** Data extract follows **
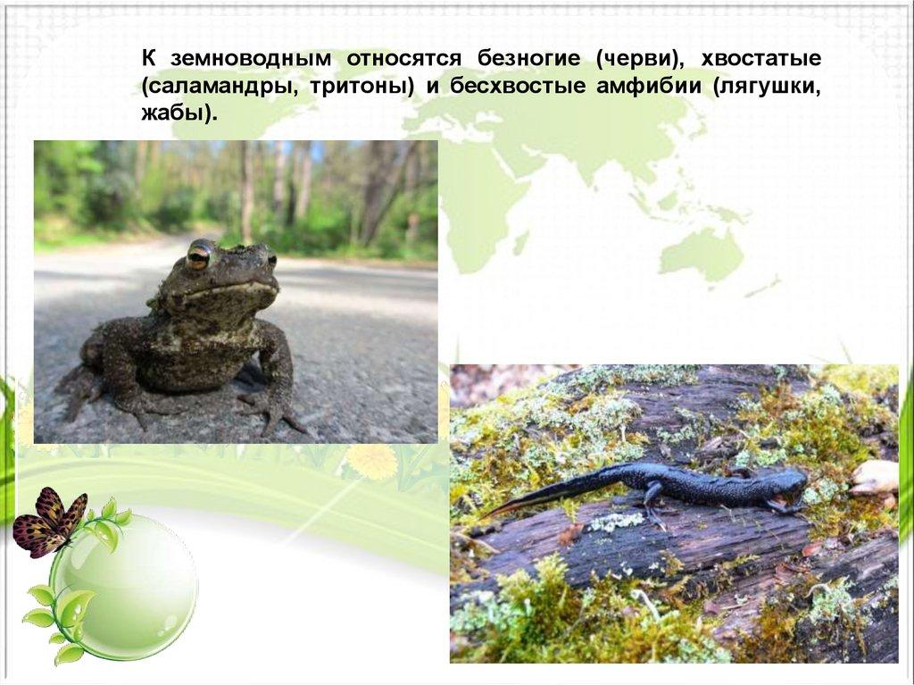 К земноводным относятся безногие (черви), хвостатые(саламандры, тритоны) и бесхвостые амфибии (лягушки,
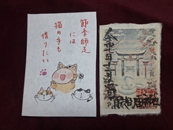毎月の月詣でで参拝に。いつも通り全てのお社にご挨拶をと、参集殿に向かうとずでーんと、ヒメちゃんが涼み中。ヒメちゃんよ、そこは神様のおうちですよ?とお声がけするも、そ知らぬ顔。お参り中バリバリ音が聞こえ、音の方角を見ると、神様のおうちでバリバリ詰め研ぎ中のヒメちゃん。いつかバチが当たりそうな予感^^; 夏場は風も吹き抜け日陰になる参集殿によく居るヒメちゃん。ゆっくり寝ていたいときに居る雰囲気。ナデナデすると眠いところプロ根性で愛想を振り撒いてくれるので、ここではそっとしつつ見守りを。夏バテせず暑い夏を元気に乗りきって欲しいものです。お参り後に社務所に行くと昨年度他の神社でお見かけした、その神社にゆかりのある動物をかたどった朱印があり、こちらでは賀茂別雷大神様に縁深い八咫烏が仲間入り。良い方向に導いてくれそうな素敵なデザインに心奪われ頂きました。週末の奈良ドライブ、よいところに導いてくれそう♪型抜き朱印、新しい顔ぶれやデザインにもなり、今年も注目な予感です。 (訪問:2025/07/13)
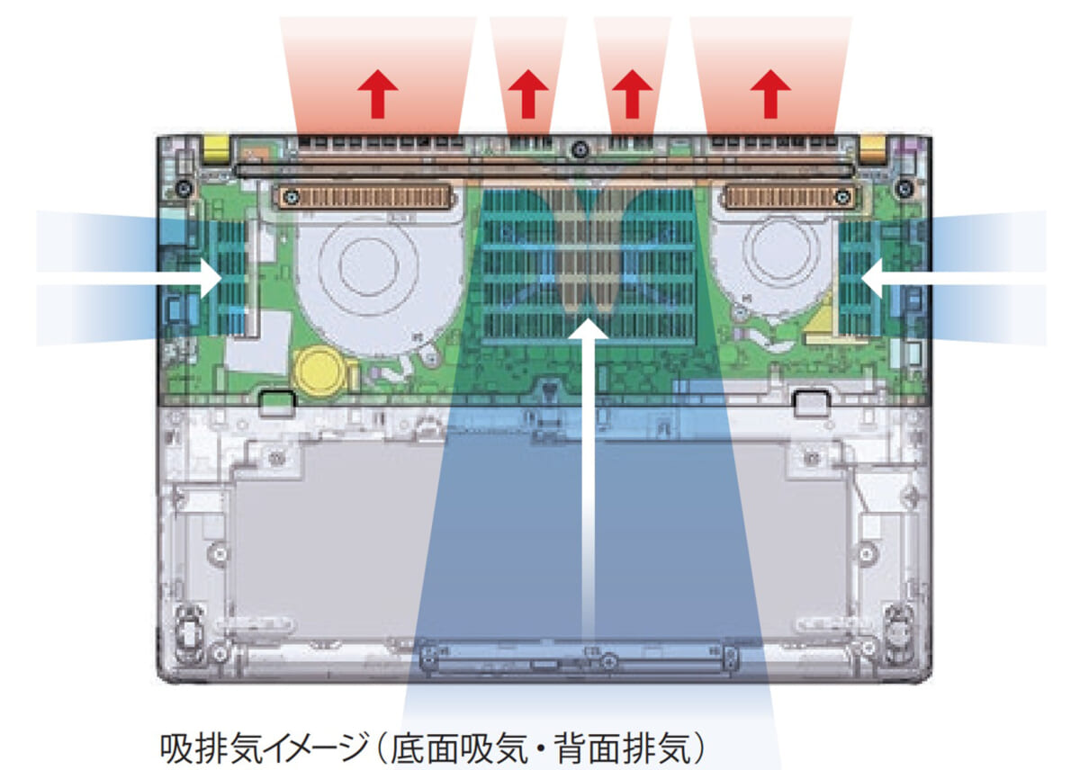パフォーマンスの最大化においては、素早い起動と優れた応答性を追求。CPUは、ハイパフォーマンスと省電力性を両立したインテルの第13世代「Core i7-1370P vPro」「Core i5-1350P vPro」「Core i7-1360P」「Core i5-1340P」「Core i5-1345U vPro」「Core i5-1334U」から選択できる。CPUのパフォーマンスを安定させる同社独自のエンパワーテクノロジーも採用。小型のダブルファンとヒートパイプを取り入れるなどによって、TDP(熱設計電力)28Wという高いパフォーマンスを維持している。
** End of Data extract **
What is needed
An exact copy of the listing above, minus its pictures, is what is needed here.

Response to this task
 К земноводным относятся безногие (черви), хвостатые(саламандры, тритоны) и бесхвостые амфибии (лягушки,
毎月の月詣でで参拝に。いつも通り全てのお社にご挨拶をと、参集殿に向かうとずでーんと、ヒメちゃんが涼み中。ヒメちゃんよ、そこは神様のおうちですよ?とお声がけするも、そ知らぬ顔。お参り中バリバリ音が聞こえ、音の方角を見ると、神様のおうちでバリバリ詰め研ぎ中のヒメちゃん。いつかバチが当たりそうな予感^^; 夏場は風も吹き抜け日陰になる参集殿によく居るヒメちゃん。ゆっくり寝ていたいときに居る雰囲気。ナデナデすると眠いところプロ根性で愛想を振り撒いてくれるので、ここではそっとしつつ見守りを。夏バテせず暑い夏を元気に乗りきって欲しいものです。お参り後に社務所に行くと昨年度他の神社でお見かけした、その神社にゆかりのある動物をかたどった朱印があり、こちらでは賀茂別雷大神様に縁深い八咫烏が仲間入り。良い方向に導いてくれそうな素敵なデザインに心奪われ頂きました。週末の奈良ドライブ、よいところに導いてくれそう♪型抜き朱印、新しい顔ぶれやデザインにもなり、今年も注目な予感です。 (訪問:2025/07/13)
パフォーマンスの最大化においては、素早い起動と優れた応答性を追求。CPUは、ハイパフォーマンスと省電力性を両立したインテルの第13世代「Core i7-1370P vPro」「Core i5-1350P vPro」「Core i7-1360P」「Core i5-1340P」「Core i5-1345U vPro」「Core i5-1334U」から選択できる。CPUのパフォーマンスを安定させる同社独自のエンパワーテクノロジーも採用。小型のダブルファンとヒートパイプを取り入れるなどによって、TDP(熱設計電力)28Wという高いパフォーマンスを維持している。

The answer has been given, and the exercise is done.